CmdStan utility "collate"?

mitzimorris · February 7, 2019, 5:58pm

have we discussed a “collate” utility before which collects the output from the output.csv files for all chains for one run of the sampler and collates the draws into a single data file?

a simple version of this utility would go a long way towards making the standalone generated quantities workflow smoother.

a sophisticated version of this utility would produce an output file organized properly for downstream analysis - possibly no longer human readable, column-major format, etc.
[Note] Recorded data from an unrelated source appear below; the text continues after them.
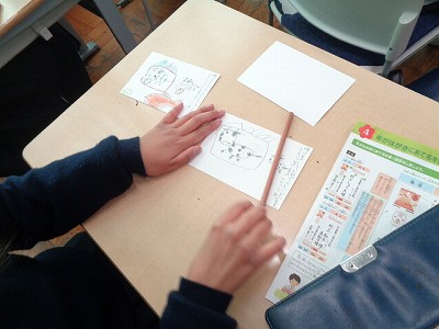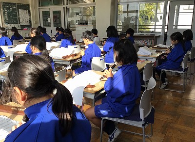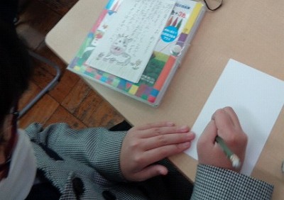 年賀状の清書です。前回の時間から下書きを少しずつ書いて完成させ、それをもとに、コンクール出品用と実際に送りたい相手に出す年賀状を書きました。
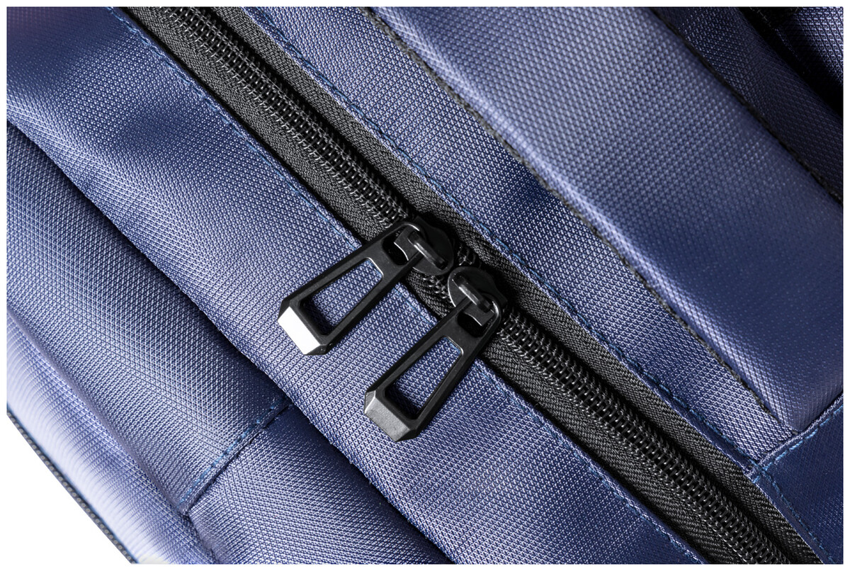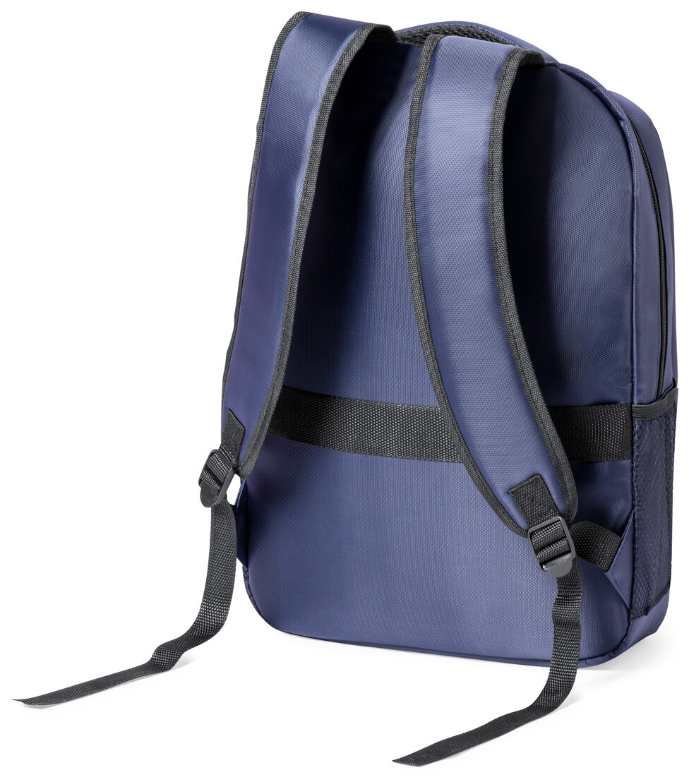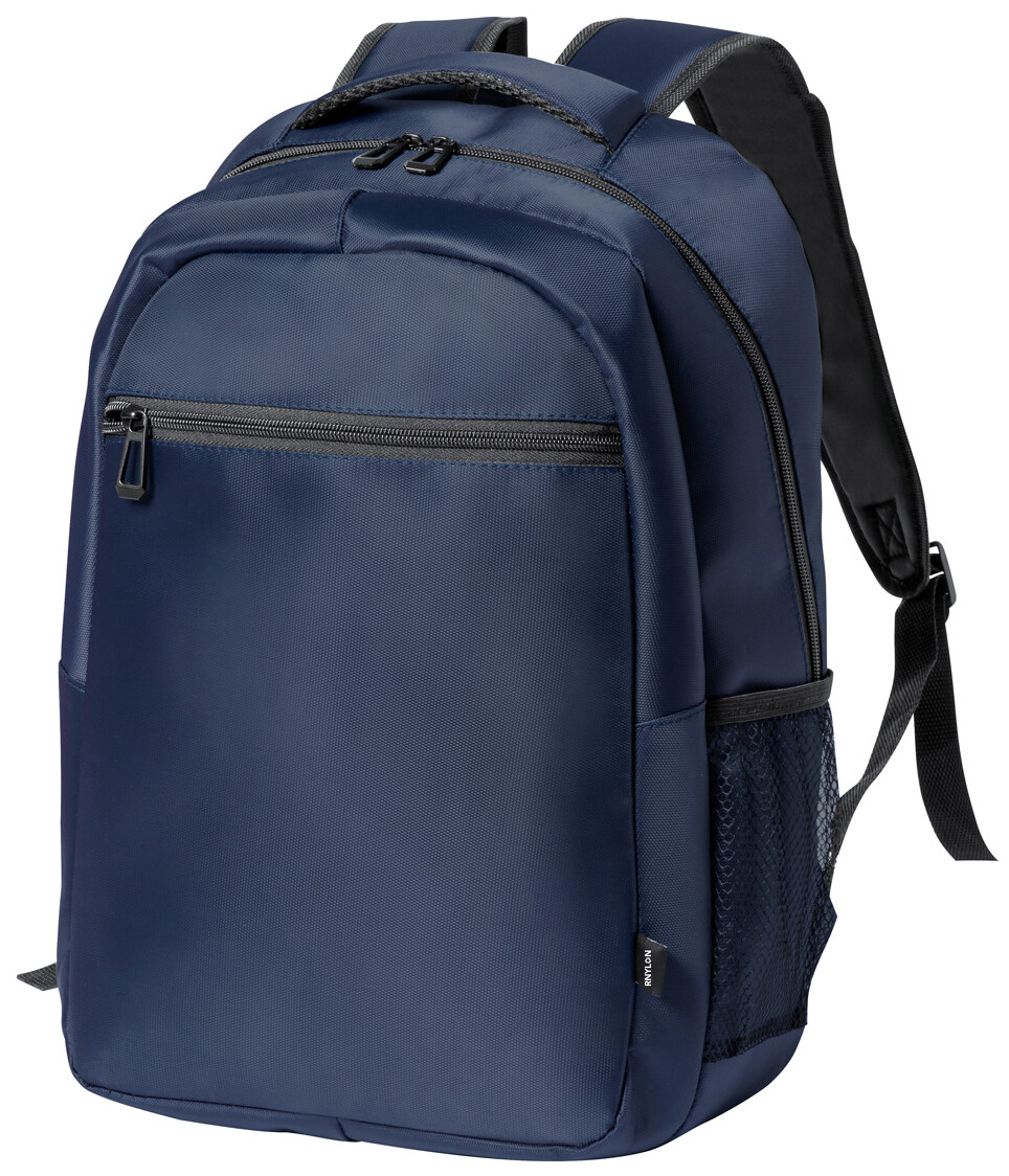 Batoh RNYLON s přihrádkami na zip, bočními kapsami ze síťoviny, polstrovanou kapsou na notebook (15"), popruhem na vozík, polstrovanými zády a ramenními popruhy. 420D recyklovaný nylon s výrazným štítkem RNYLON.
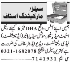 Real Estate Company jobs advertisement dated about 11 January 2024 in daily Jang Newspaper invites application for the vacant post of video editor, social media manager, real estate media manager, social media buyer, lady receptionist, receptionist and aid specialist in Lahore, lahore Punjab Pakistan. Persons with Intermediate, Bachelor, Matric and BA etc. education can apply.
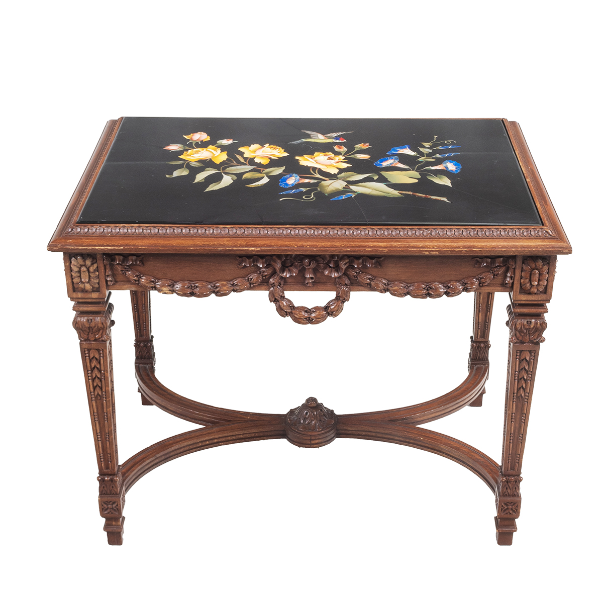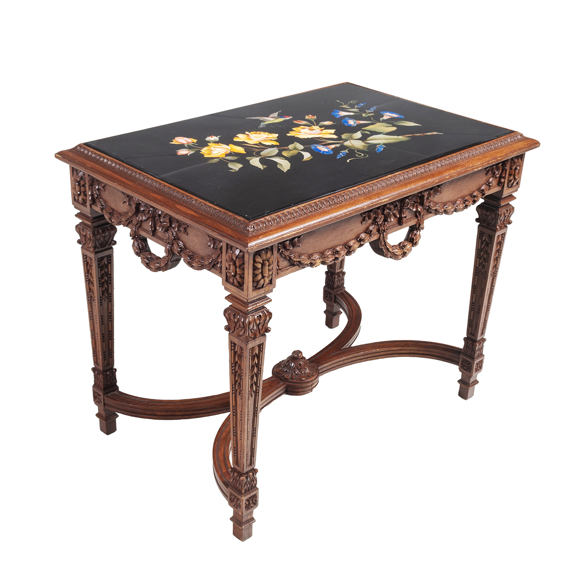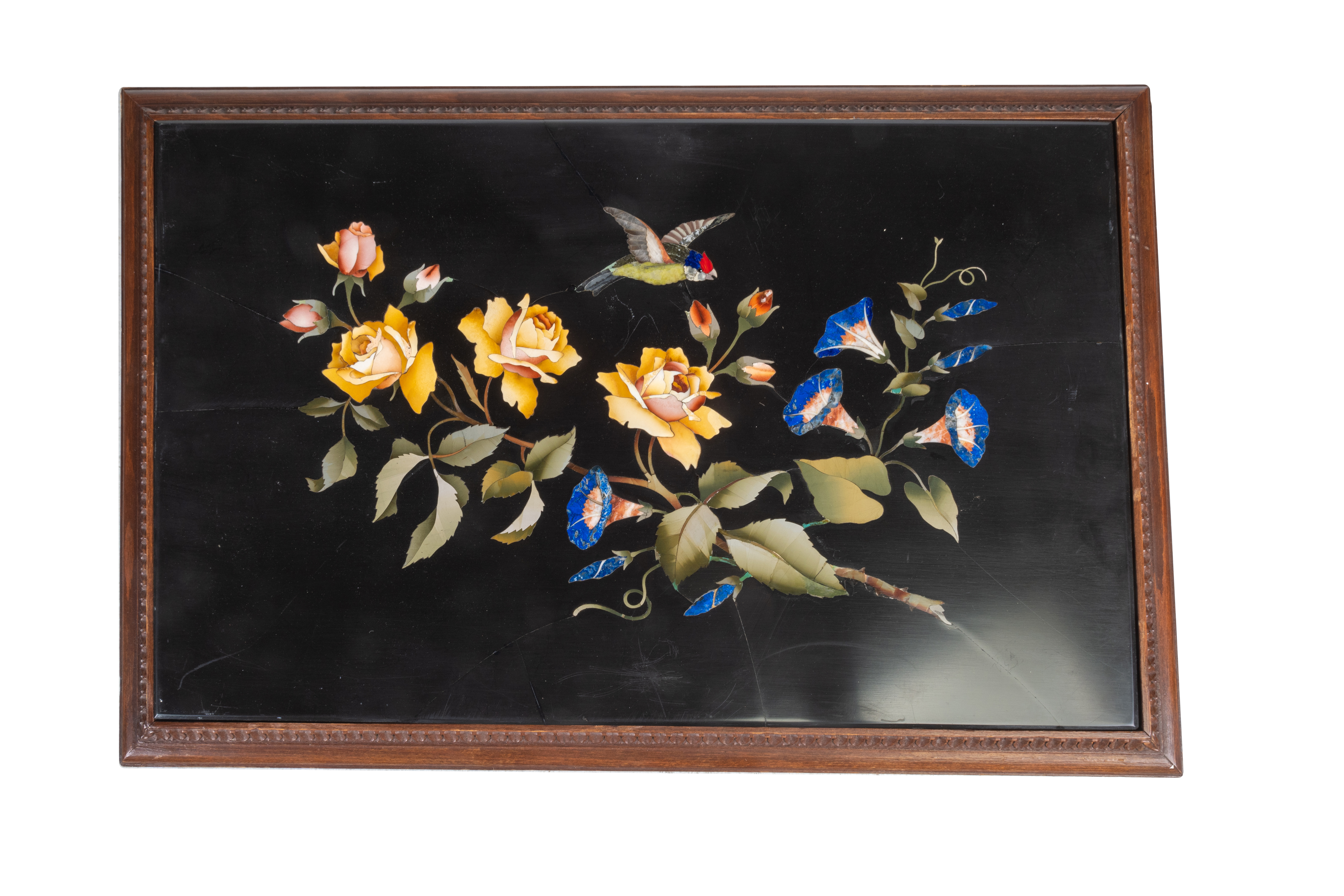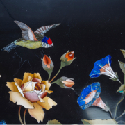 The top with roses and blue flowers with parrot above, the base carved with swags.
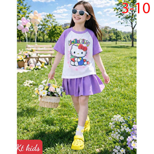 A509869 - Set váy xinh cho bé yêu thun cotton co giãn 4c in Kitty in cô bé chân váy xếp ly_Size 3-10
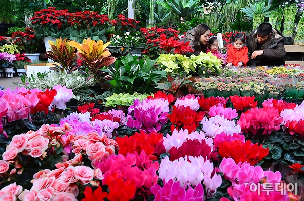 서울 최저기온이 영하 11도까지 떨어지는 등 매서운 한파가 몰아치고 있는 27일 오전 서울 양재동 화훼공판장을 찾은 시민들이 알록달록 봄꽃들을 살펴보고 있다. 노진환 기자 myfixer@
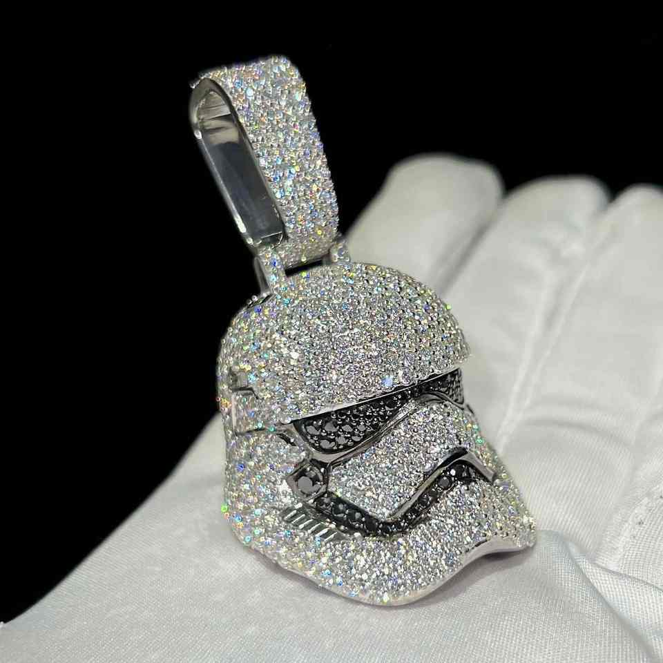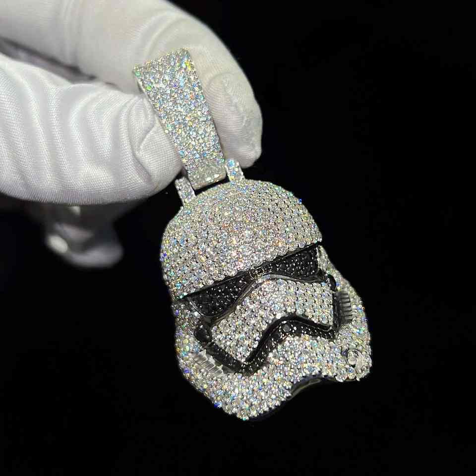 Colgante de Máscara Facial con Incrustaciones de Moissanita Estilo Hip Hop, Personalizable, Plata 925, Bañado en Rodio y Oro de 14K, Joyería Fina para Fiestas y Regalos
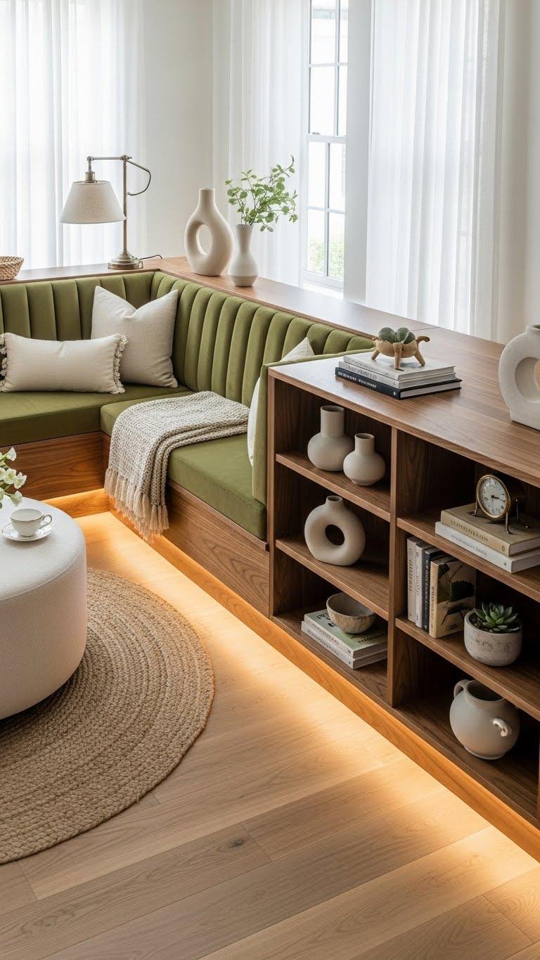 You’ll define areas without feeling boxed in: tuck seating with banquette lighting for cozy depth, or position low bookcase styling to display essentials and store clutter.

ahartikainen · February 7, 2019, 6:32pm

That sounds good.

I assumed people were already doing cat trick so I implemented that also in to arviz.

cat output*.csv > combined_output.csv

https://arviz-devs.github.io/arviz/generated/arviz.from_cmdstan.html#arviz.from_cmdstan

Edit. cat trick is a bit rough, but collate could also add colums which is more advanced method.

mitzimorris · February 7, 2019, 6:51pm

right. expansion of *.csv may well contain stray csv files. also a problem for the collate utility - it needs to check the header of all files to make sure that configs match.

roualdes · February 7, 2019, 8:58pm

Good idea. Are you imagining a utility function like bin/stansummary?

Like Ari, I’ve been working on a thin (few dependencies) post-processing workflow to cmdstan. As from_cmdstan is to arviz, read_stan is to stanflow. Instead of collate, I chose the word combine, e.g. https://github.com/roualdes/stanflow/blob/master/examples/dirichlet/dirichlet.ipynb

To help solve the stray csv files problem, the workflow I imagine for stanflow has a helper bash script, stan, that writes the csvs to a model dependent output directory. read_stan reads only csvs from this output directory.

ahartikainen · February 7, 2019, 9:10pm

Stanflow looks good.

mitzimorris · February 7, 2019, 10:08pm

yes, exactly.

what Ari said - stanflow looks good!

mitzimorris · February 7, 2019, 10:45pm

the spec for cmdstanpy - https://github.com/stan-dev/design-docs/blob/master/designs/0002-cmdstanpy_func_spec.md
defines a sample command which returns a RunSet object that contains the names of the per-chain stan-csv files, so it’s easy to get just the csv files for a given run.

this API requires the user to specify a name for the output csv files - no defaults. is this too unpythonic to contemplate?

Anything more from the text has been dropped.